1. ## Numerical integration?

I am having difficulty integrating

square root((1+x^3)) from x=0 to x=2

when n=4

I know the widths are 0,1/2,1,3/2,2

But I am having trouble setting it up.

2. ## Re: Numerical integration?

Originally Posted by homeylova223
I am having difficulty integrating

square root((1+x^3)) from x=0 to x=2 when n=4
Let $\displaystyle f(x)=\sqrt{1+x^2}$ and $\displaystyle \Delta=0.5$.

Left hand sum $\displaystyle \sum\limits_{k = 0}^3 {f\left( {k\Delta } \right)\Delta }$.

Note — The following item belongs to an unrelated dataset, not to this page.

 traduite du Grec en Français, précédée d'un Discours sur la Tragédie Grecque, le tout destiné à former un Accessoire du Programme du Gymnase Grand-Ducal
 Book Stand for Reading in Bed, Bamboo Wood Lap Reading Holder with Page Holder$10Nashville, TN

Right hand sum $\displaystyle \sum\limits_{k = 1}^4 {f\left( {k\Delta } \right)\Delta }$.

Mid-point hand sum $\displaystyle \sum\limits_{k = 0}^3 {f\left( {\frac{2k\Delta+\Delta }{2} \right)\Delta }$.

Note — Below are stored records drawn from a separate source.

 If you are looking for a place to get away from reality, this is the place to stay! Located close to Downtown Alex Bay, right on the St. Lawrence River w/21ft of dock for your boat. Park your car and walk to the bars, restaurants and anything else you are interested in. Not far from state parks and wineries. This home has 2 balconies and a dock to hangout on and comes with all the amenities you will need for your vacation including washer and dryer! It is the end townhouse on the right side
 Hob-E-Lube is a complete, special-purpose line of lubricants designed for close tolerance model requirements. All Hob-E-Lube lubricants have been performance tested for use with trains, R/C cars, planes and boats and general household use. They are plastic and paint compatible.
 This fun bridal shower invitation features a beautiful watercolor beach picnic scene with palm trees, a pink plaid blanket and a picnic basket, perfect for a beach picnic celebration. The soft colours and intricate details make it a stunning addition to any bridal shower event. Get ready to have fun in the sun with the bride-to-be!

3. ## Re: Numerical integration?

I forgot to mention I have to use the trapezoid rule and I set it up like this.

((2/8)) times (1)(1+(0)^3)+(2)(1+(1/2)^3)+(2)(1+(1)^3)+(2)(1+(3/2)^3)+(1)(1+(2)^(3)

4. ## Re: Numerical integration?

It looks fine if you don't forget to take the square root of the seperated terms because $\displaystyle f(x)=\sqrt{1+x^3}$.

5. ## Re: Numerical integration?

Thanks now I see the error of my calculus.

6. ## Re: Numerical integration?

You're welcome!